The memories flooded back, tumbling one over another in painful succession until she was standing by the pool at her parents’ legendary winter party in Nassau clad in the sexiest silver lamé gown she owned, butterflies in her stomach knowing the gorgeous, ruthless corporate raider Lorenzo Ricci would be in attendance. Her father had been doing friendly business with Lorenzo rather than serving as one of her husband’s hostile takeover targets, but Alistair Carmichael’s directive had been clear to his daughter—leave Lorenzo alone, you’re way out of your depth.

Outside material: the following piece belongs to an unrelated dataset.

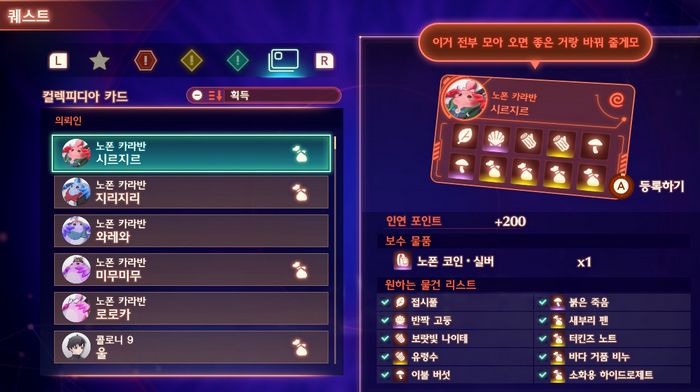 컬렉피디아 카드는 의뢰인이 원하는 소재를 납품하면 각종 보수와 인연 포인트를 받을 수 있는 퀘스트 입니다.

And she had been. But smarting from an argument with her father, needing to escape her miserable, lonely existence for just one night, she couldn’t resist. Every woman had wanted to catch Lorenzo, the most desirable widower in Manhattan, perhaps because none ever had. She’d taken her best friend Becka’s dare to ask him to dance and shockingly he’d said yes. That dance had led to a kiss in the garden and a hot, heated assignation that had shaken her innocent foundations to the core. She’d gotten her one night with Lorenzo Ricci plus way more than she’d ever bargained for.
She closed her eyes, an ache pulsing low in her chest. She’d thought she could be the one, the one who could make her husband love again because what they’d had had seemed earthshaking to her twenty-two-year-old self. That by offering him her unrequited love, she could help him get over his late wife, Lucia, who popular consensus had said he was still hung up on. Until Angelina had learned love was an emotion her husband reserved exclusively for his late wife, an emotion that would never be on offer to her.
Blood throbbed at her temples. She couldn’t change the past as much as she wished she could, but she could—would—fight Lorenzo on this.
She could postpone the wedding until her divorce came through. Move to a cheaper studio space. But that still didn’t address the financial difficulties the Carmichael Company was in. The responsibility that lay on her shoulders.
A chill crawled through her at the thought of the cold, hard stranger she’d faced on the terrace last night. Lorenzo had always been tough, carved by his experiences, shaped by the cutthroat scion of the Ricci family, Salvatore Ricci, but last night she’d seen a whole new lethal side of him.